[Start of section]

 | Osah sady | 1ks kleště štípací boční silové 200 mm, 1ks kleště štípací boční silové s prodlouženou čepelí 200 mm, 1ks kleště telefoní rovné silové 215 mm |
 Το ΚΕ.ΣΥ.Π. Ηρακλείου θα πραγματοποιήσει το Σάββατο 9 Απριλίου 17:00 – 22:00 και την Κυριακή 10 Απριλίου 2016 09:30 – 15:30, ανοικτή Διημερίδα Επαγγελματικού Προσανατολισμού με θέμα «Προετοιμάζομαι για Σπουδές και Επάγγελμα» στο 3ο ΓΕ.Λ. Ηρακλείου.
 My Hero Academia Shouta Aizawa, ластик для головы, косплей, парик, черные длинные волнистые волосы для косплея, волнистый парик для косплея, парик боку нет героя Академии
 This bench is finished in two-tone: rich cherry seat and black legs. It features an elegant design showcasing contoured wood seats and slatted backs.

[End of section]
[Start of section]

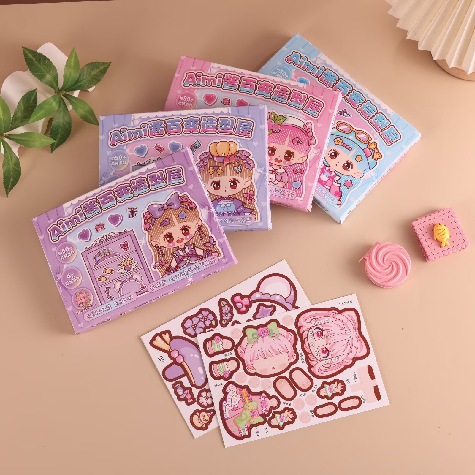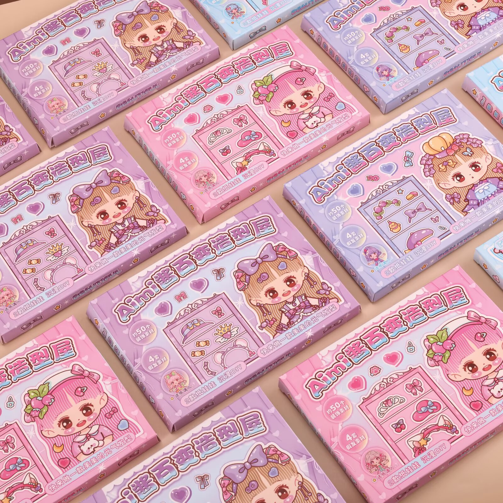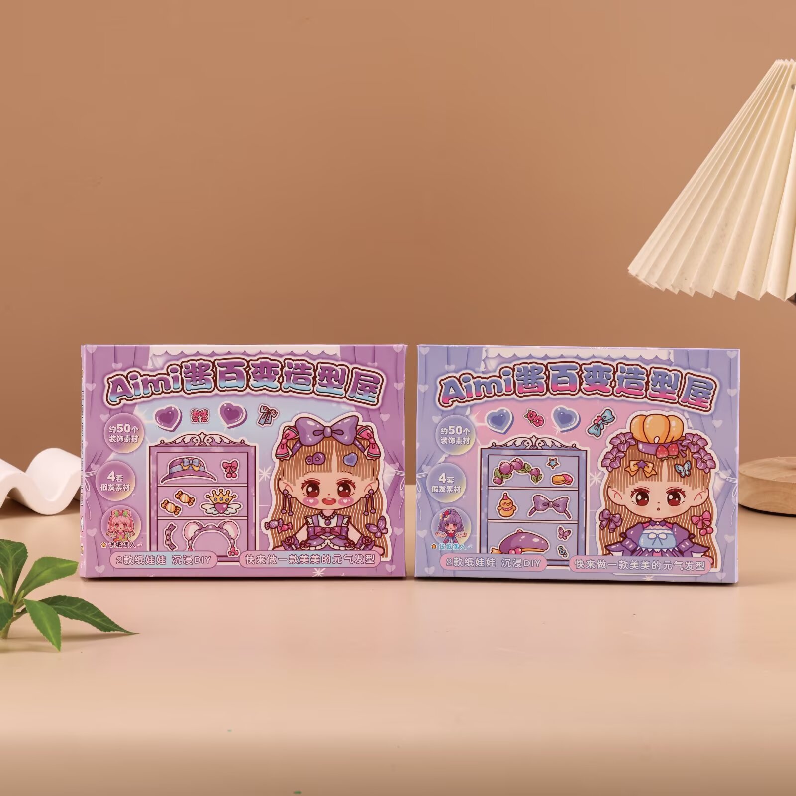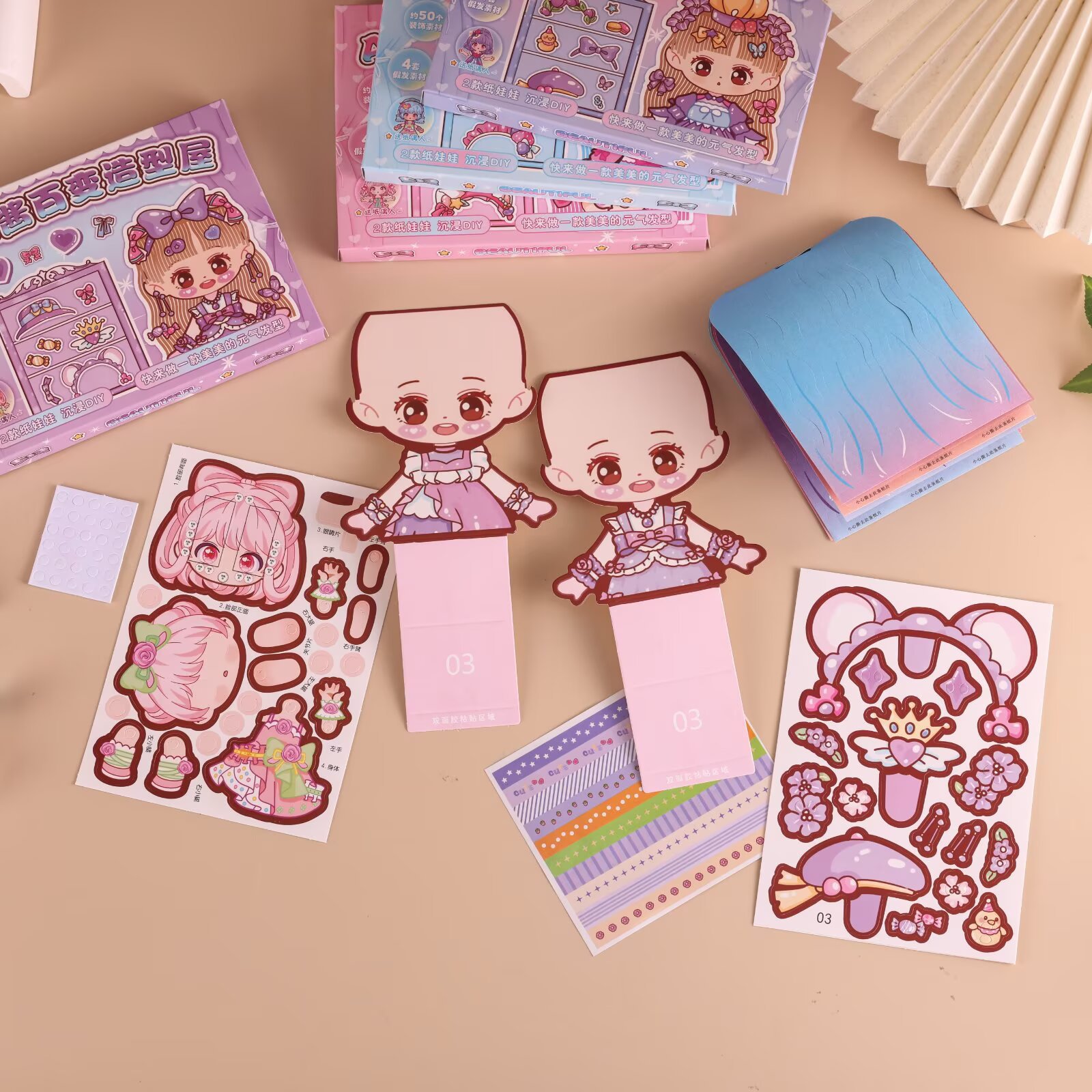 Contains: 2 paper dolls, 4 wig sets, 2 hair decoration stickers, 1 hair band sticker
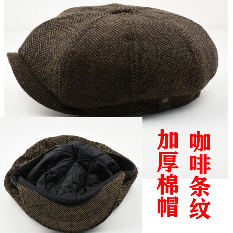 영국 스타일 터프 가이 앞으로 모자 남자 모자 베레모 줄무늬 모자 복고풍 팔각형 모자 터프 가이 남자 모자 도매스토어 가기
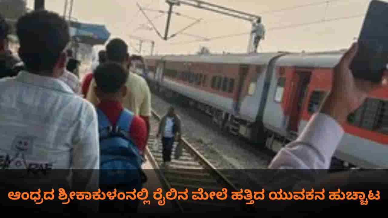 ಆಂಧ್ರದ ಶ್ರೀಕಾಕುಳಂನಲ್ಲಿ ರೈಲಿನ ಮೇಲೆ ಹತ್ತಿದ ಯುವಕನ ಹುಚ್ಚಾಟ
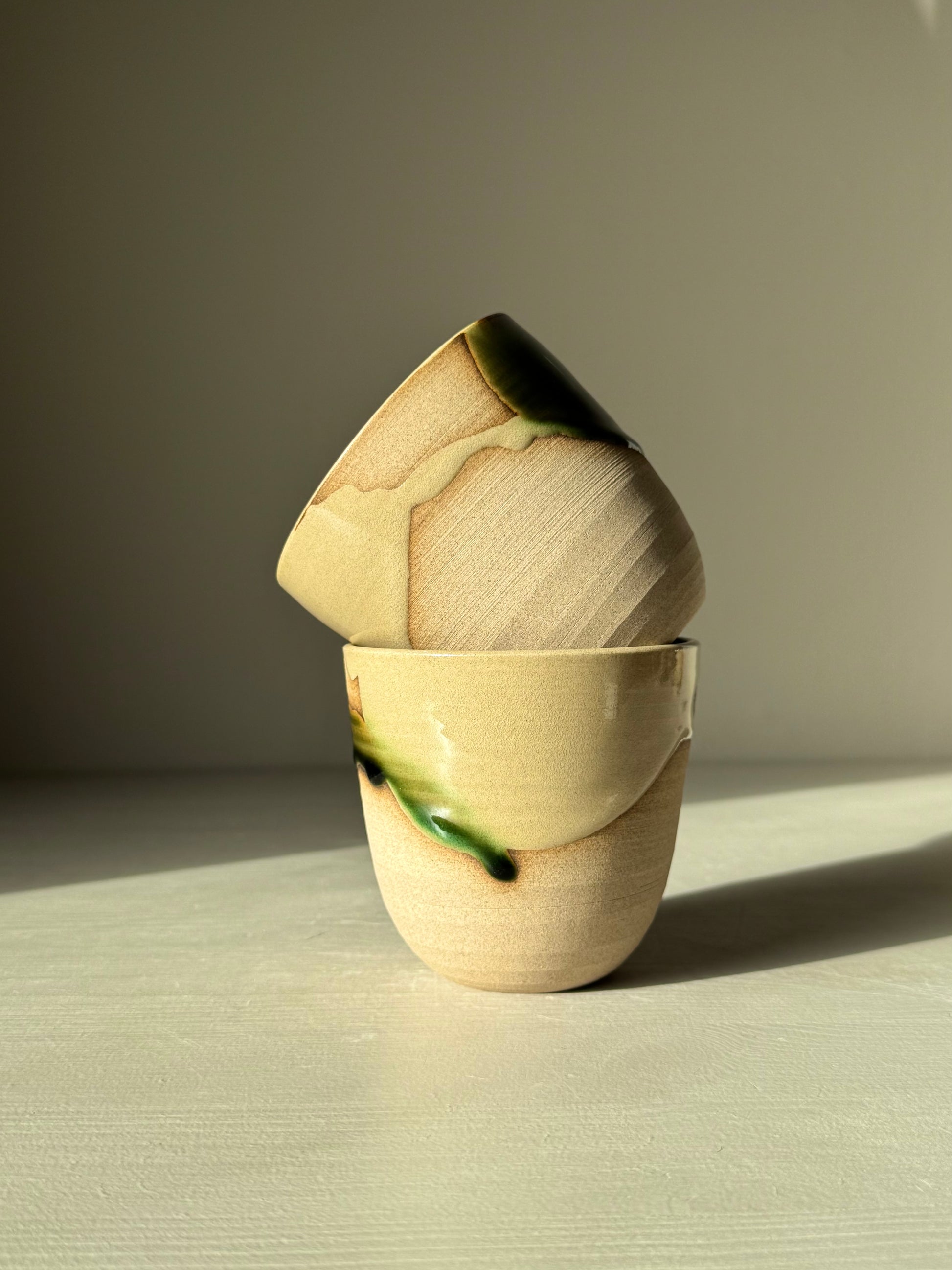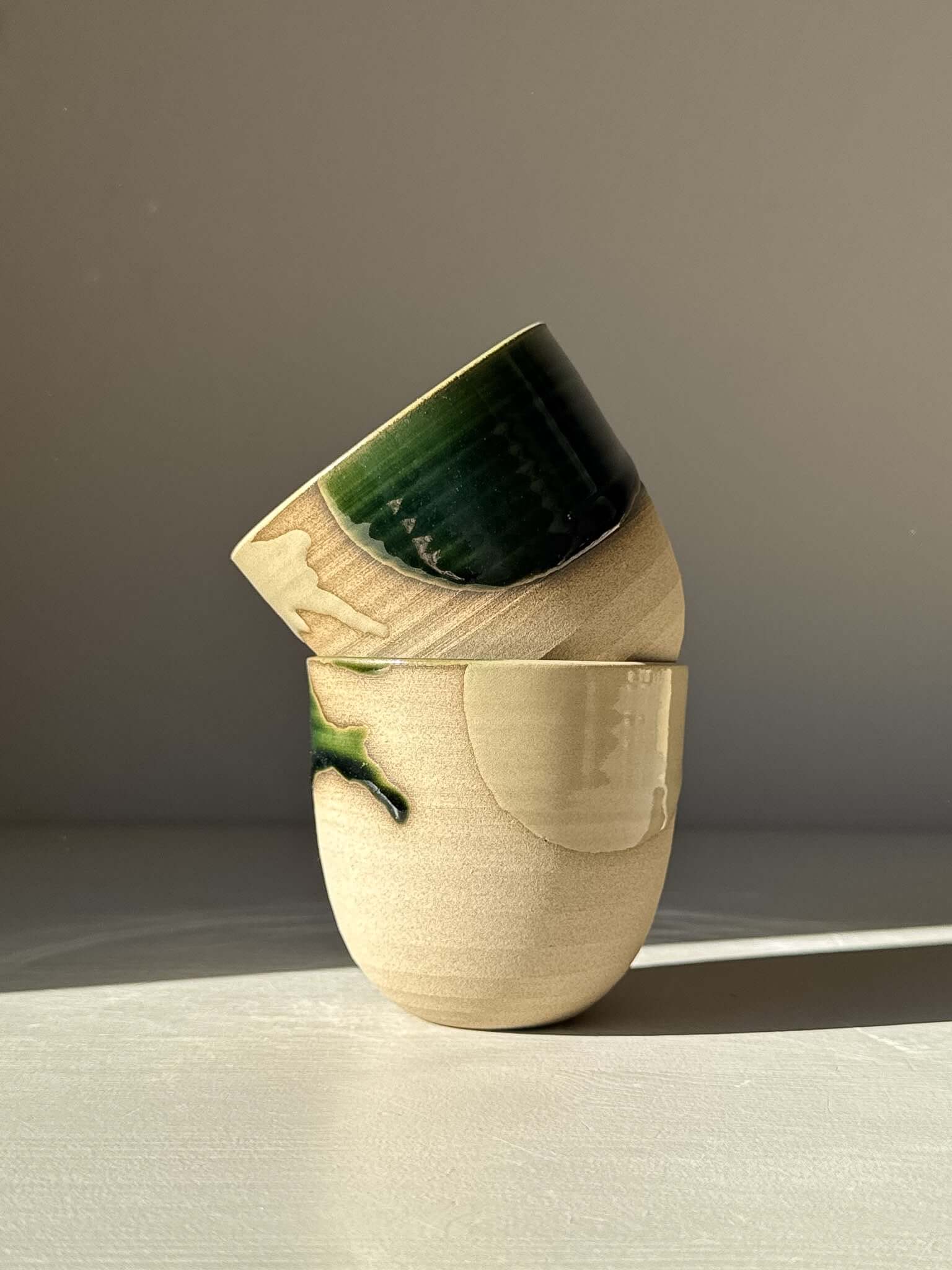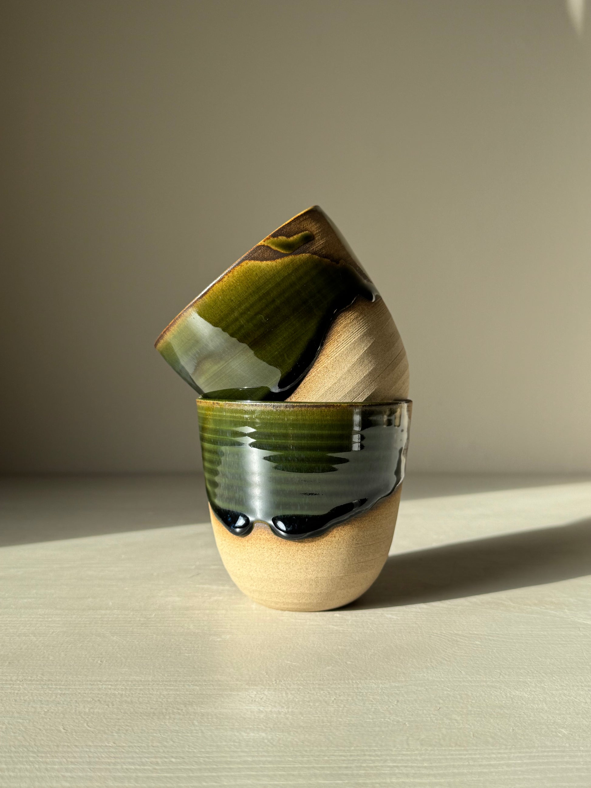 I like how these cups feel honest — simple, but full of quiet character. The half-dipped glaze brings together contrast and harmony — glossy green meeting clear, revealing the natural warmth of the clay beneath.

[End of section]
[Start of section]

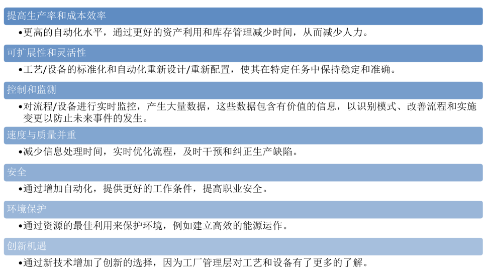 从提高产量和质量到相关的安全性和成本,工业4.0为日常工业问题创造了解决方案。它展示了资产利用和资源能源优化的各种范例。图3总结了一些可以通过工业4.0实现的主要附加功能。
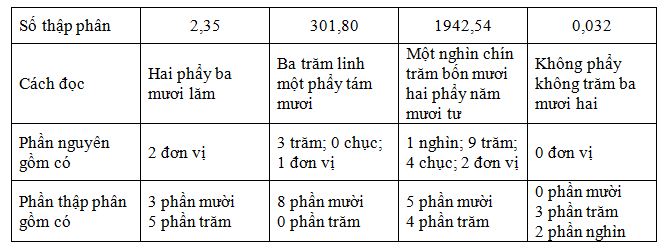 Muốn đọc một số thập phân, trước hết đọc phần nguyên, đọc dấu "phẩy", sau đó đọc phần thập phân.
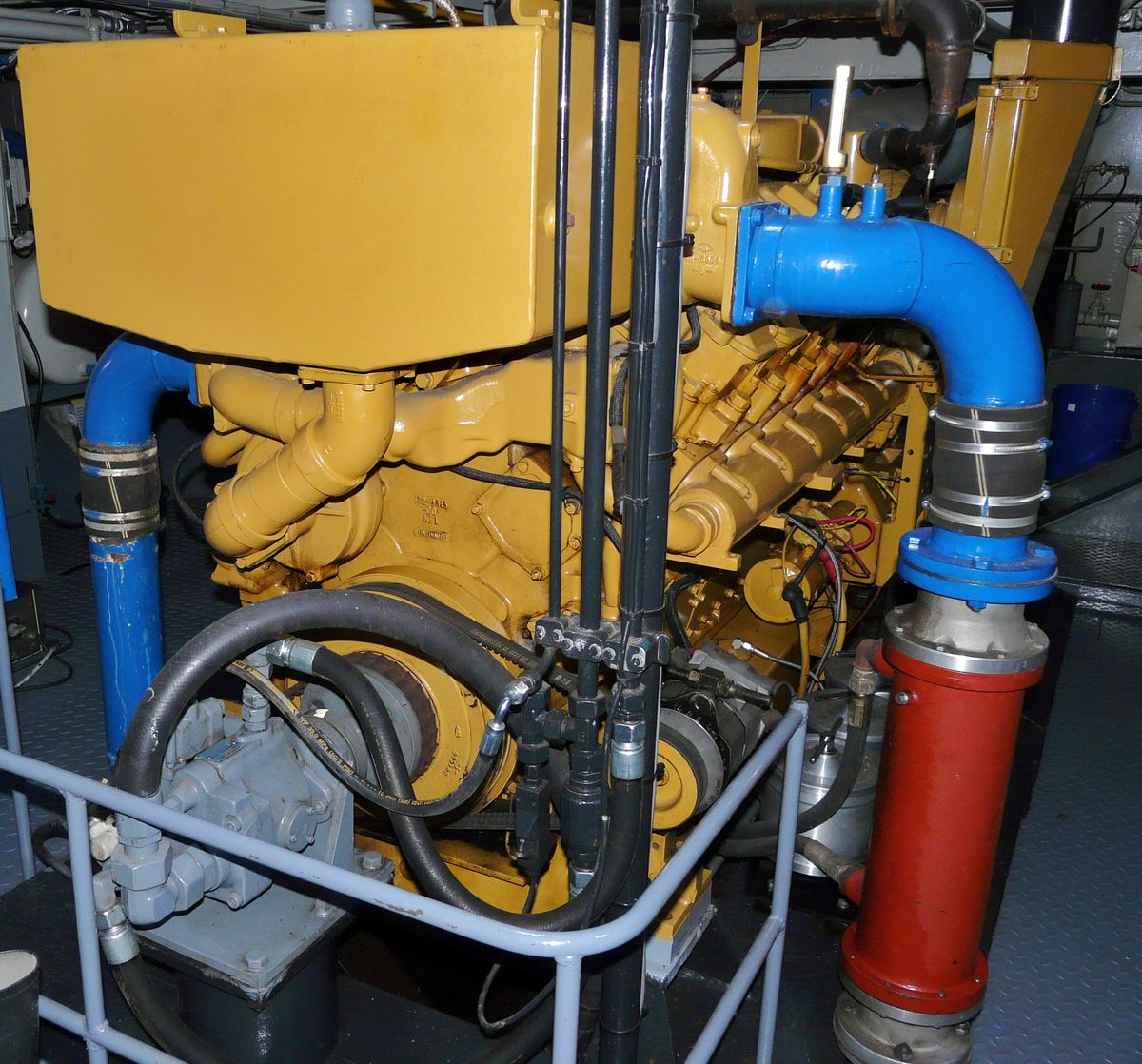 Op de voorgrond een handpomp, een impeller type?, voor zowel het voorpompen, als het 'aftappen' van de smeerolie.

[End of section]

ABOUT THIS EXERCISE:
Above are the records. Copy word for word only their lines from the one holding "ಆಂಧ್ರದ ಶ್ರೀಕಾಕುಳಂನಲ್ಲಿ ರೈಲಿನ" through the one holding "I like how these", both included, and skip the images.

RESULT:
 ಆಂಧ್ರದ ಶ್ರೀಕಾಕುಳಂನಲ್ಲಿ ರೈಲಿನ ಮೇಲೆ ಹತ್ತಿದ ಯುವಕನ ಹುಚ್ಚಾಟ
 I like how these cups feel honest — simple, but full of quiet character. The half-dipped glaze brings together contrast and harmony — glossy green meeting clear, revealing the natural warmth of the clay beneath.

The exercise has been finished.